**Brief**. Take the records below from their first line through the line holding "largest music box with", and set each of those lines down exactly, without pictures.

[[ Data, beginning ]]

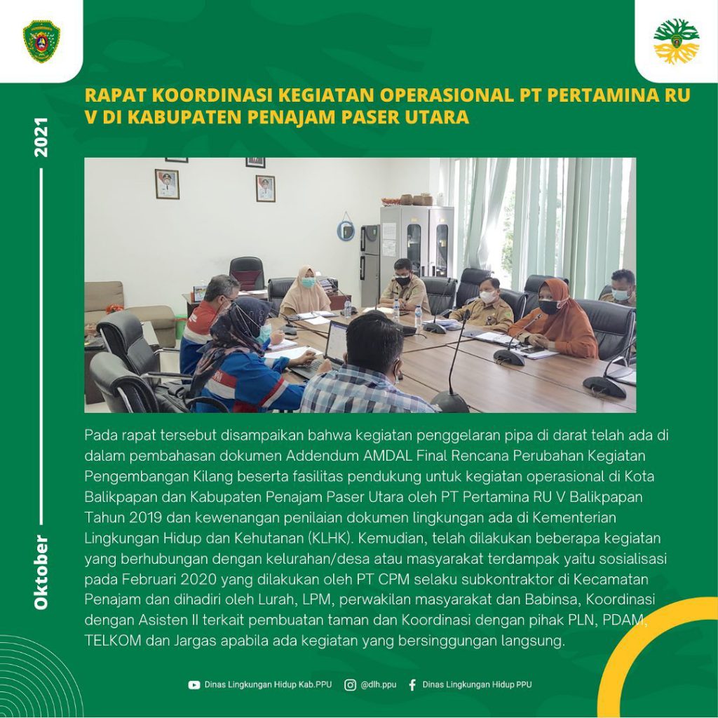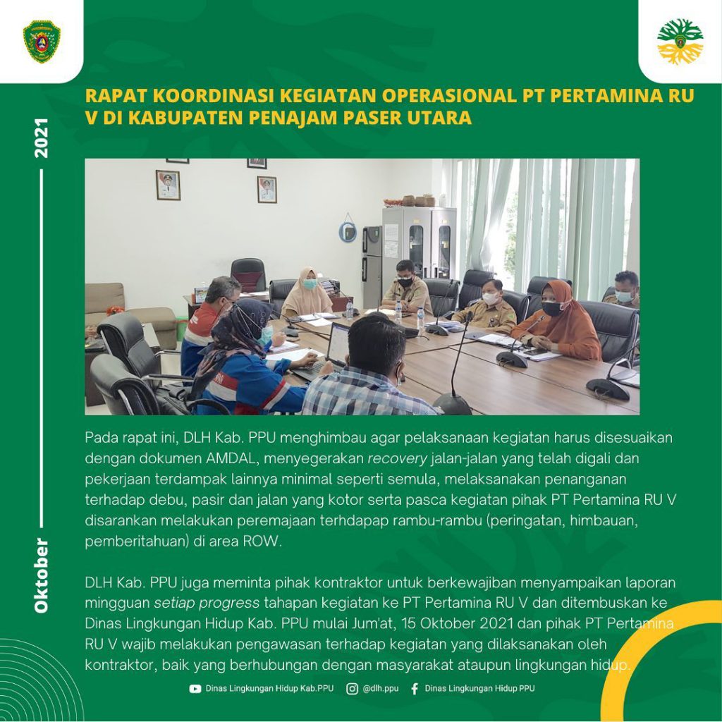 Pada rapat ini, DLH Kab. PPU menghimbau agar pelaksanaan kegiatan harus disesuaikan dengan dokumen AMDAL, menyegerakan recovery jalan-jalan yang telah digali dan pekerjaan terdampak lainnya minimal seperti semula, melaksanakan penanganan terhadap debu, pasir dan jalan yang kotor serta pasca kegiatan pihak PT Pertamina RU V disarankan melakukan peremajaan terhdapap rambu-rambu (peringatan, himbauan, pemberitahuan) di area ROW.
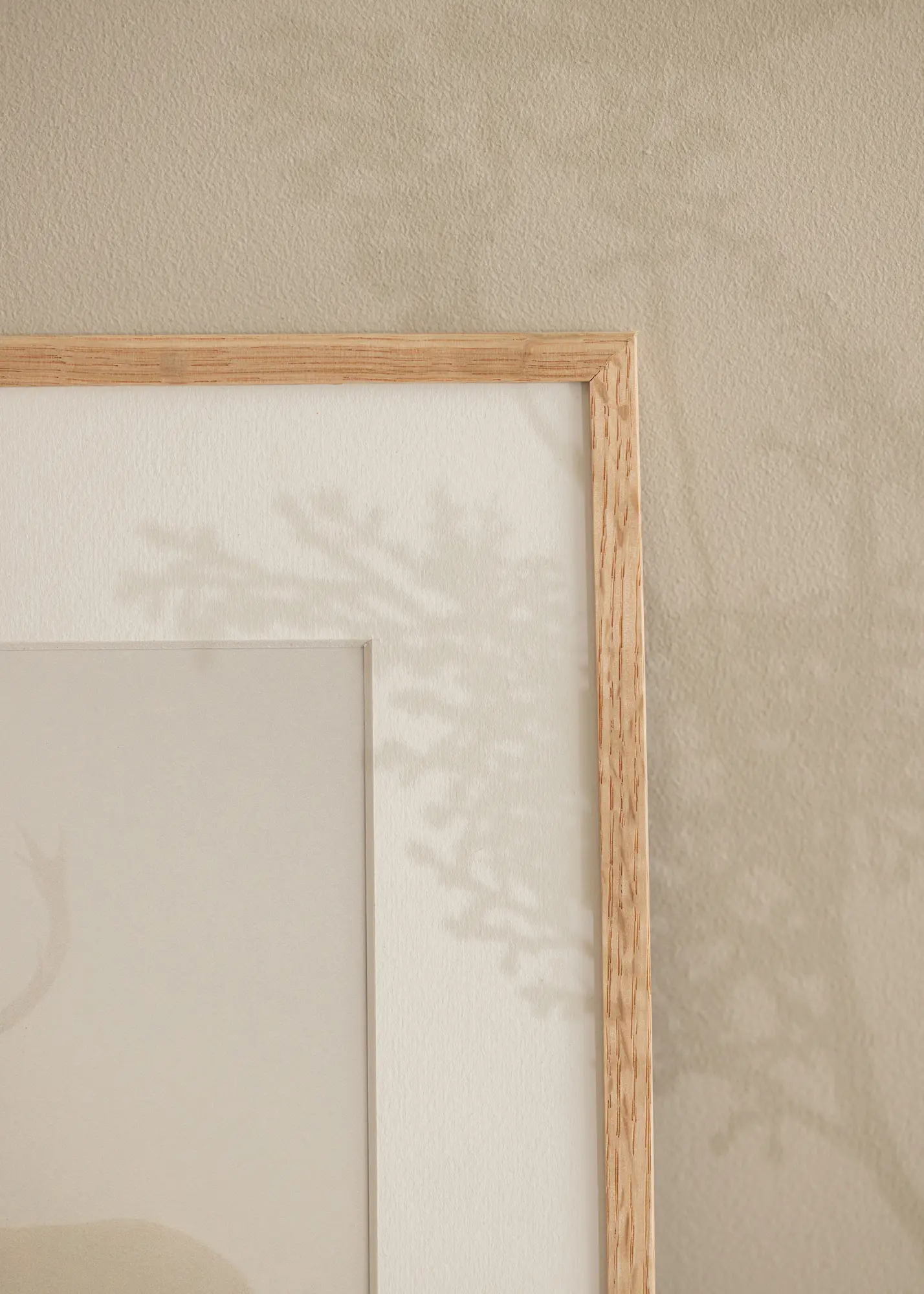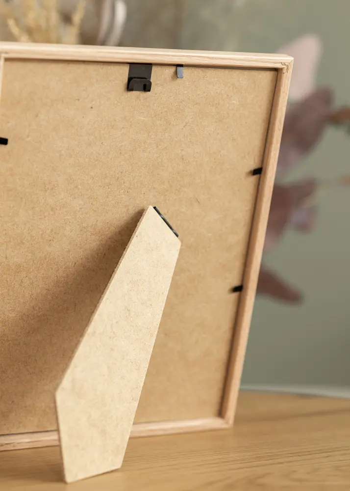 Okvir je izdelan iz hrastovega lesa in ima naravni odtenek z neobdelano površino. Opremljen je z akrilnim steklom, katere prednosti so, da je lahek in brez drobcev – hkrati pa ima enako jasno ostrino kot navadno steklo!
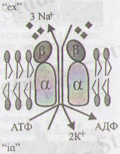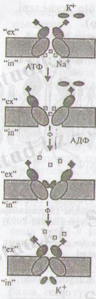 1) Nа + , К*-сорғышы немесе Иа + , К + -т2уелді АТФ-аза-2а -ширатпадан, 2р-құрылымнан түратын интегралдық ақуыз. Ол АТФ энергиясын пайдаланып № + және К + иондарын олардың концентрация градиентіне қарсы бағытқа өткізеді, яғни № + ионын-жасушадан сыртқа, ал К + ионын-жасуша ішіне.
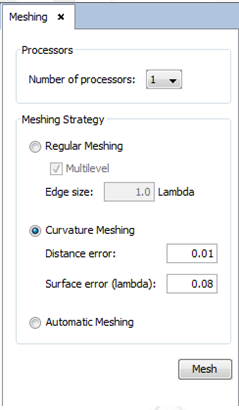 Select Meshing → Create Mesh. Select the appropriate number of processors available to run the meshing process as shown in the next Figure and left-click Mesh.
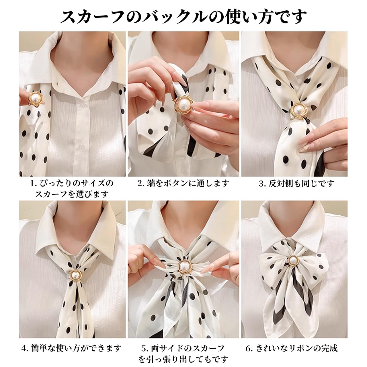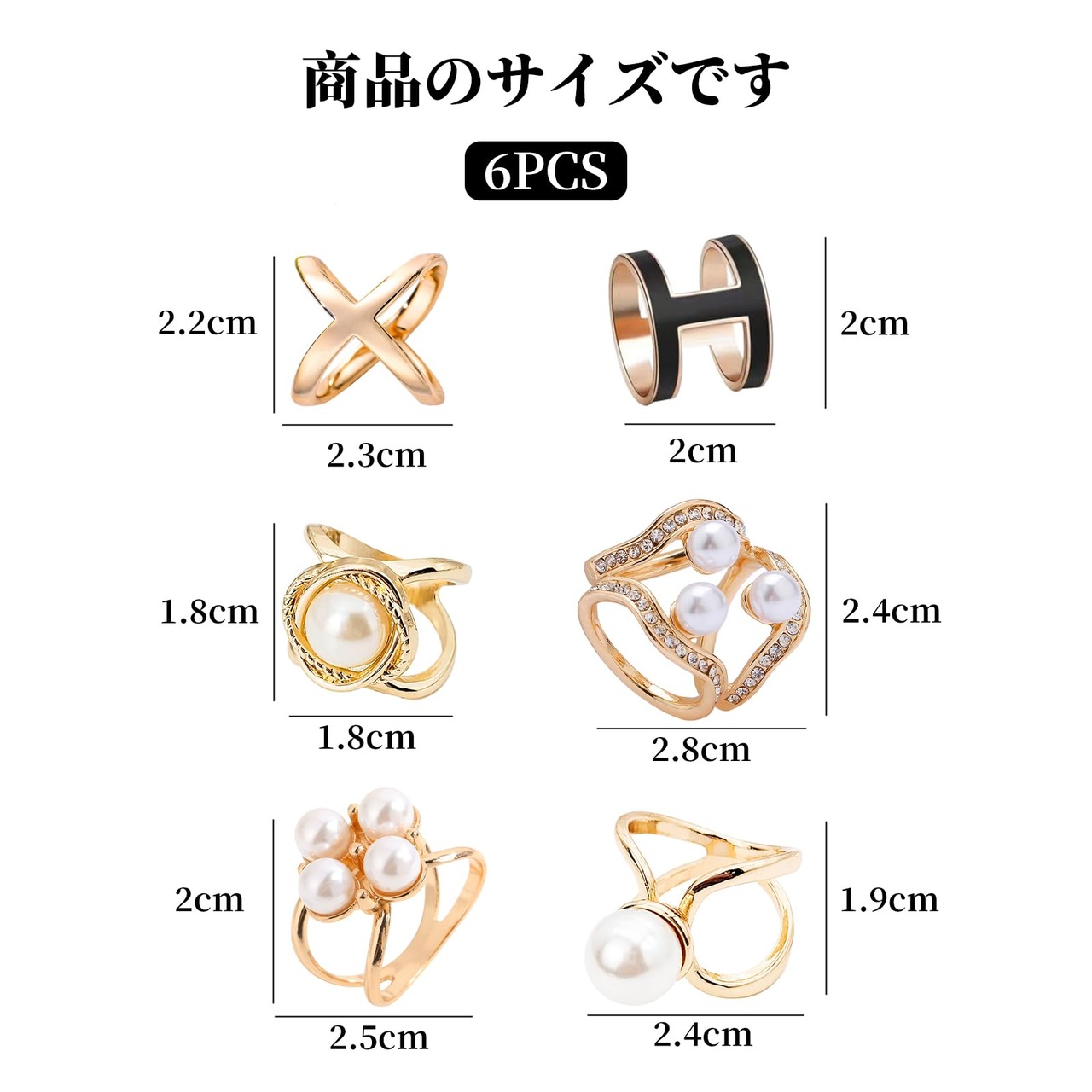 【スカーフリング】スカーフリングは6つのスタイルがあり、スカーフのマッチングのほか、Tシャツやシャツのマッチングにも使えます。Tシャツは多様性を増す。<br>【高品質素材】私たちの真珠のスカーフリングは製作が精良で、高品質で、優れた技術と良質な材料の選択は製品自身に独特な魅力と風格を持たせて、更に真珠の要素を加えて、製品の特性の上で昇華させます。<br>【エレガントアクセサリー】:スカーフリングはとてもエレガントで美しく、スカーフに合わせて使用され、エレガントで高貴な印象を与え、魅力を引き立てます。特に職場のオフィスや開会式や卒業式などのシーンでは、美しいアクセサリーが魅力的です。<br>【いいプレゼント】:優雅なスカーフは母の日、バレンタインデー、誕生日などに最適なプレゼントです。母、女友達、カップル、家族のために用意された美しい衣類アクセサリーであり、ナプキン頭巾として優雅さと美しさを見せることもできます。<br>【製品仕様】製品サイズは内径約2.6~3cm、シンプルでモダンなデザインで、衣類、スカーフ、ショール、Tシャツなどを上品に留めることができます。何か問題があれば、いつでも弊店にご連絡ください、プロのアフターサービスチームはお客様に100%満足のいく解決策を提供します。
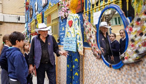 El componente artístico también ha tenido un papel destacado. Manuel Salas, artesano y referente cultural del barrio, ha colaborado con el centro. "Con enorme satisfacción suelo colaborar con el colegio por su interés en enseñar la cultura artística a los peques", afirma.
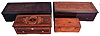 largest music box with segmented comb will play sluggishly when wound. Other three boxes will not play for various reasons and are sold for parts or repair. Dimensions provided are for largest music box. Sold "as is".
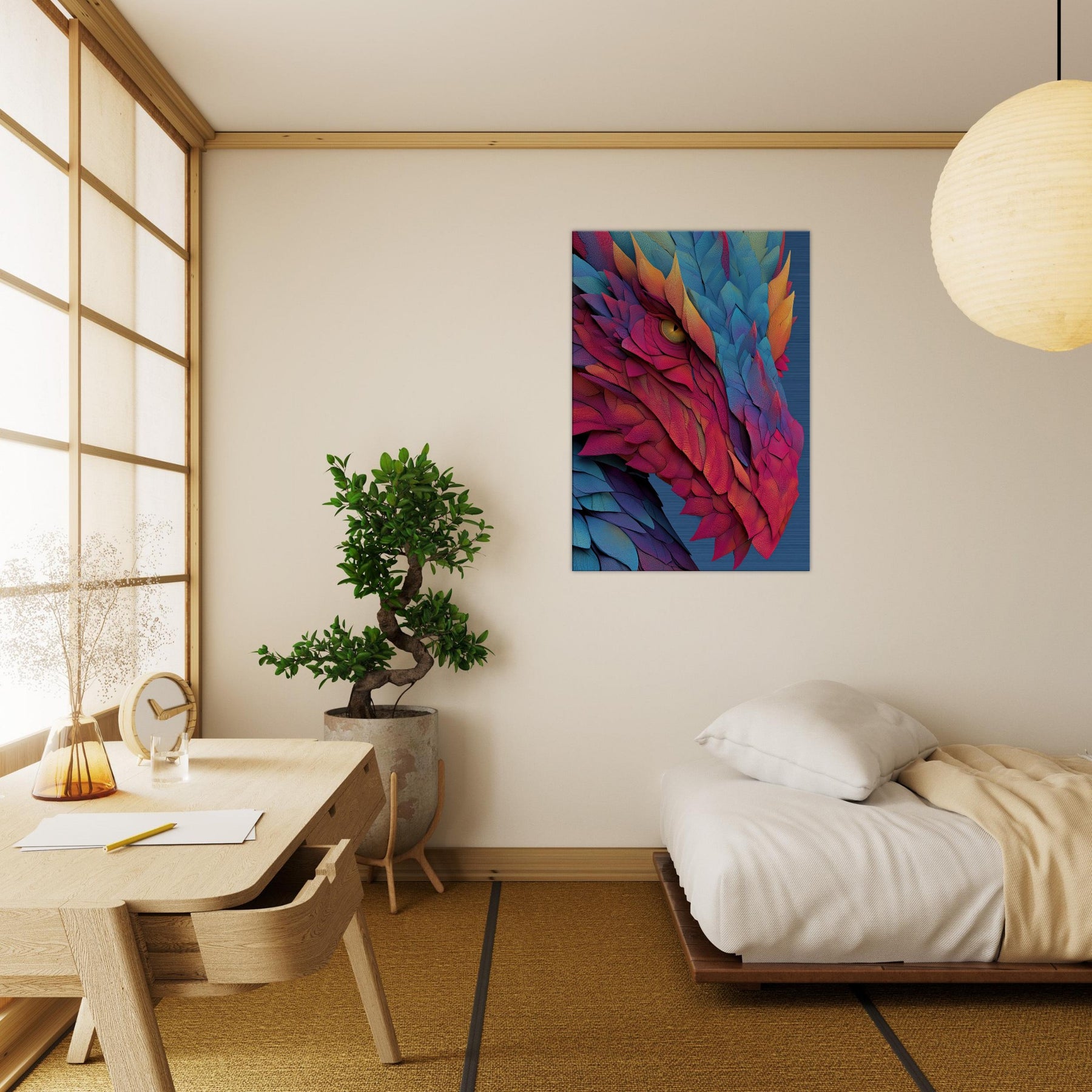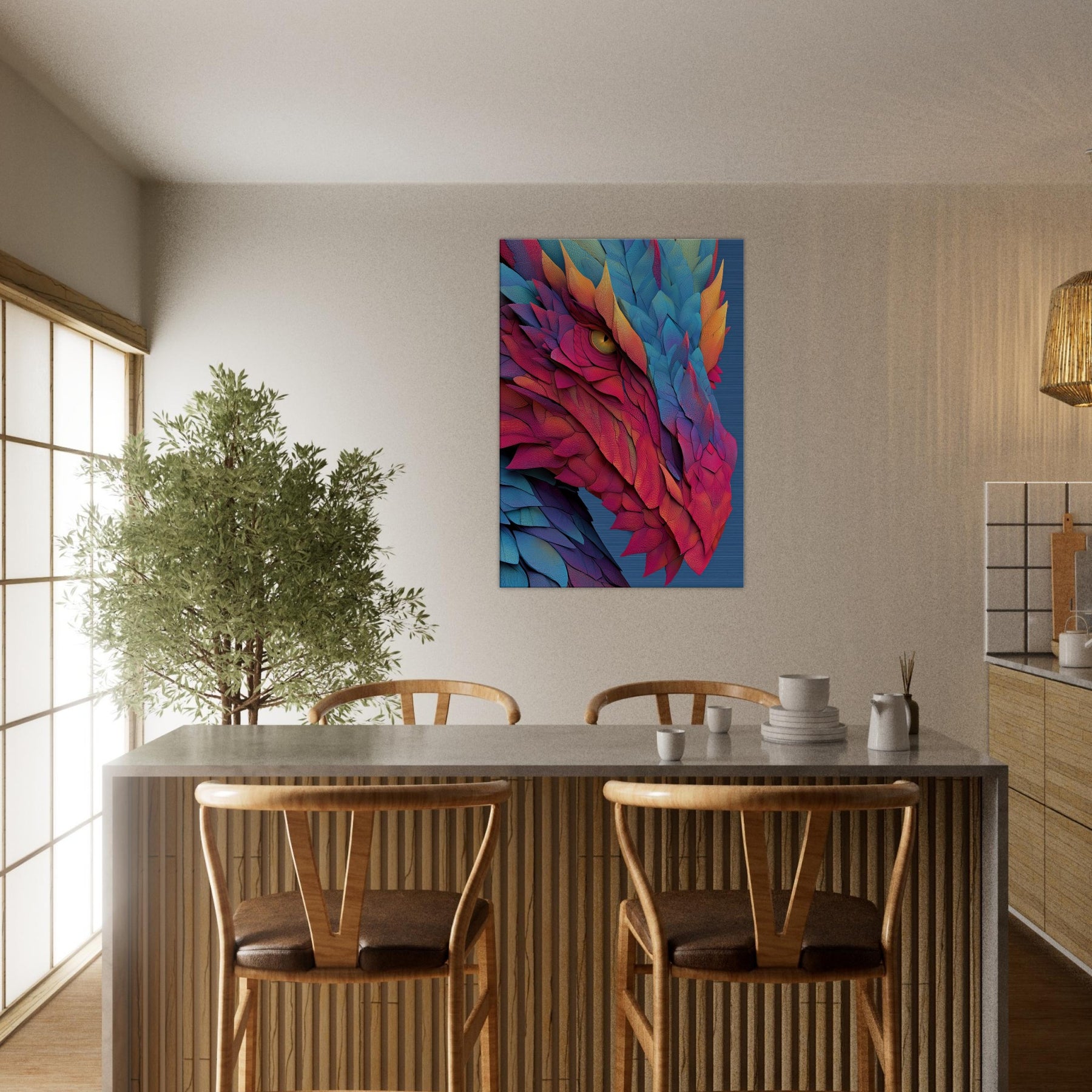 Let the Dragon emerge from your wall with a tidal blaze of color. This abstract study of scales and momentum wraps your space in a warm, electric glow each layered tile catching light and guiding the eye along curves of power and grace. The atmosphere shifts from quiet evening to visionary dawn, inviting quiet reflection or lively conversation. Ideal for a living room or entryway, it becomes a dramatic focal point that warms the room without shouting, revealing a fantasy world just beyond reach.
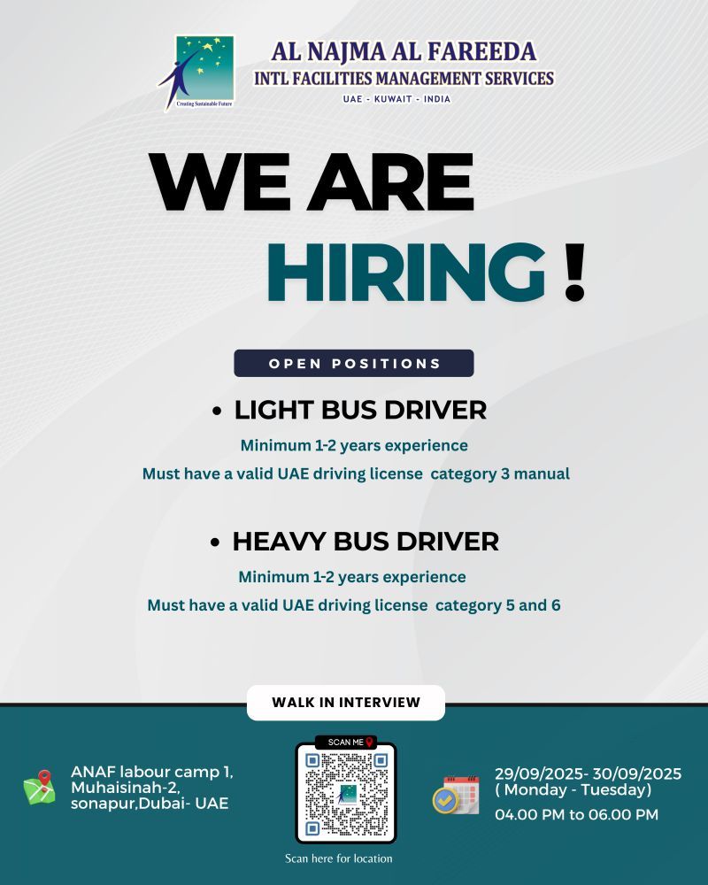 🚐 فرص عمل في دبي – شركة AL NAJMA AL FAREEDA
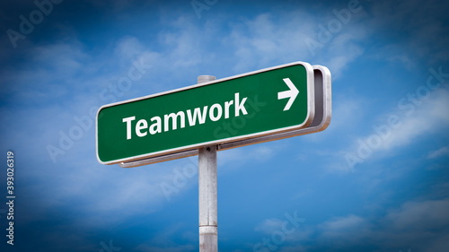 © Thomas Reimer, Obraz premium Street Sign to Teamwork
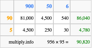 Below is an illustration showing you how to calculate 956 times 95 using the box method, using the instructions above.
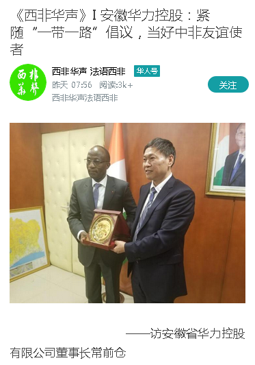 2018年9月9日至16日,华力控股董事长常前仓在科特迪瓦考察、出席项目签字仪式期间,接受了当地《西非华声报》记者专访,表达了华力海外公司抓住中非合作论坛北京峰会的机遇,进一步增强在非洲投资建设的愿景和信心。《西非华声报》是当地的一家华人全媒体平台,旨在报道西部非洲的时政、经济、法律、人文信息,报道当地华人、华侨、华商的生产生活动态,为当地华人及国内赴非人员提供有关服务。下面是专访全文。
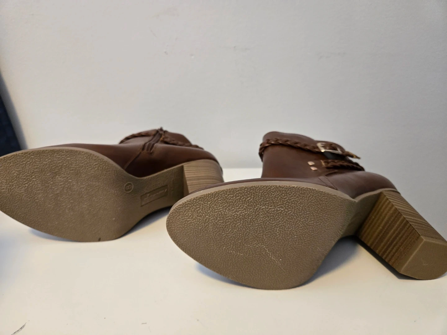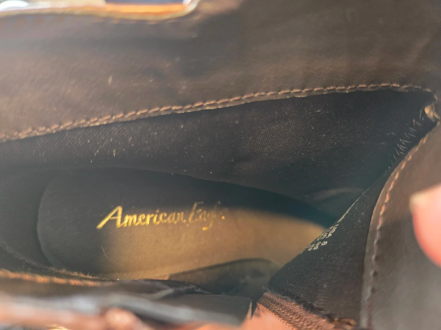These are stylish brown ankle boots from American Eagle. They feature a braided strap detail with a buckle closure. The block heel offers a comfortable lift.
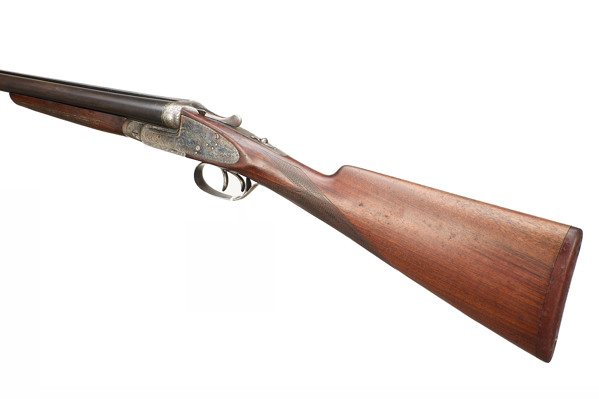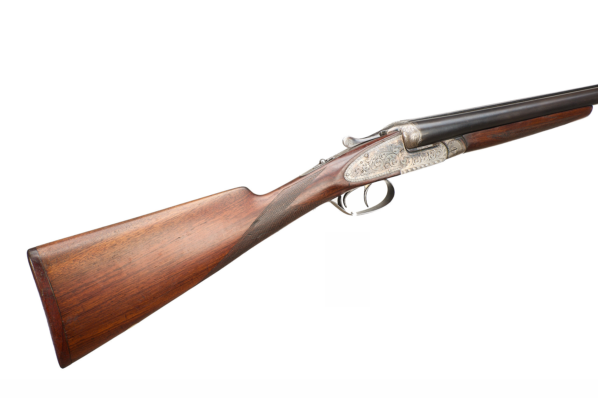 Plain extension to butt, chequered straight grip and forend. Tapered rib, top lever, automatic safety with ‘S’ engraved. The barrels engraved ‘SPECIALLY MADE FOR UK’. The action engraved acanthus scrolling.

[[ Data, end ]]

**Written response**.
 Pada rapat ini, DLH Kab. PPU menghimbau agar pelaksanaan kegiatan harus disesuaikan dengan dokumen AMDAL, menyegerakan recovery jalan-jalan yang telah digali dan pekerjaan terdampak lainnya minimal seperti semula, melaksanakan penanganan terhadap debu, pasir dan jalan yang kotor serta pasca kegiatan pihak PT Pertamina RU V disarankan melakukan peremajaan terhdapap rambu-rambu (peringatan, himbauan, pemberitahuan) di area ROW.
 Okvir je izdelan iz hrastovega lesa in ima naravni odtenek z neobdelano površino. Opremljen je z akrilnim steklom, katere prednosti so, da je lahek in brez drobcev – hkrati pa ima enako jasno ostrino kot navadno steklo!
 1) Nа + , К*-сорғышы немесе Иа + , К + -т2уелді АТФ-аза-2а -ширатпадан, 2р-құрылымнан түратын интегралдық ақуыз. Ол АТФ энергиясын пайдаланып № + және К + иондарын олардың концентрация градиентіне қарсы бағытқа өткізеді, яғни № + ионын-жасушадан сыртқа, ал К + ионын-жасуша ішіне.
 Select Meshing → Create Mesh. Select the appropriate number of processors available to run the meshing process as shown in the next Figure and left-click Mesh.
 【スカーフリング】スカーフリングは6つのスタイルがあり、スカーフのマッチングのほか、Tシャツやシャツのマッチングにも使えます。Tシャツは多様性を増す。<br>【高品質素材】私たちの真珠のスカーフリングは製作が精良で、高品質で、優れた技術と良質な材料の選択は製品自身に独特な魅力と風格を持たせて、更に真珠の要素を加えて、製品の特性の上で昇華させます。<br>【エレガントアクセサリー】:スカーフリングはとてもエレガントで美しく、スカーフに合わせて使用され、エレガントで高貴な印象を与え、魅力を引き立てます。特に職場のオフィスや開会式や卒業式などのシーンでは、美しいアクセサリーが魅力的です。<br>【いいプレゼント】:優雅なスカーフは母の日、バレンタインデー、誕生日などに最適なプレゼントです。母、女友達、カップル、家族のために用意された美しい衣類アクセサリーであり、ナプキン頭巾として優雅さと美しさを見せることもできます。<br>【製品仕様】製品サイズは内径約2.6~3cm、シンプルでモダンなデザインで、衣類、スカーフ、ショール、Tシャツなどを上品に留めることができます。何か問題があれば、いつでも弊店にご連絡ください、プロのアフターサービスチームはお客様に100%満足のいく解決策を提供します。
 El componente artístico también ha tenido un papel destacado. Manuel Salas, artesano y referente cultural del barrio, ha colaborado con el centro. "Con enorme satisfacción suelo colaborar con el colegio por su interés en enseñar la cultura artística a los peques", afirma.
 largest music box with segmented comb will play sluggishly when wound. Other three boxes will not play for various reasons and are sold for parts or repair. Dimensions provided are for largest music box. Sold "as is".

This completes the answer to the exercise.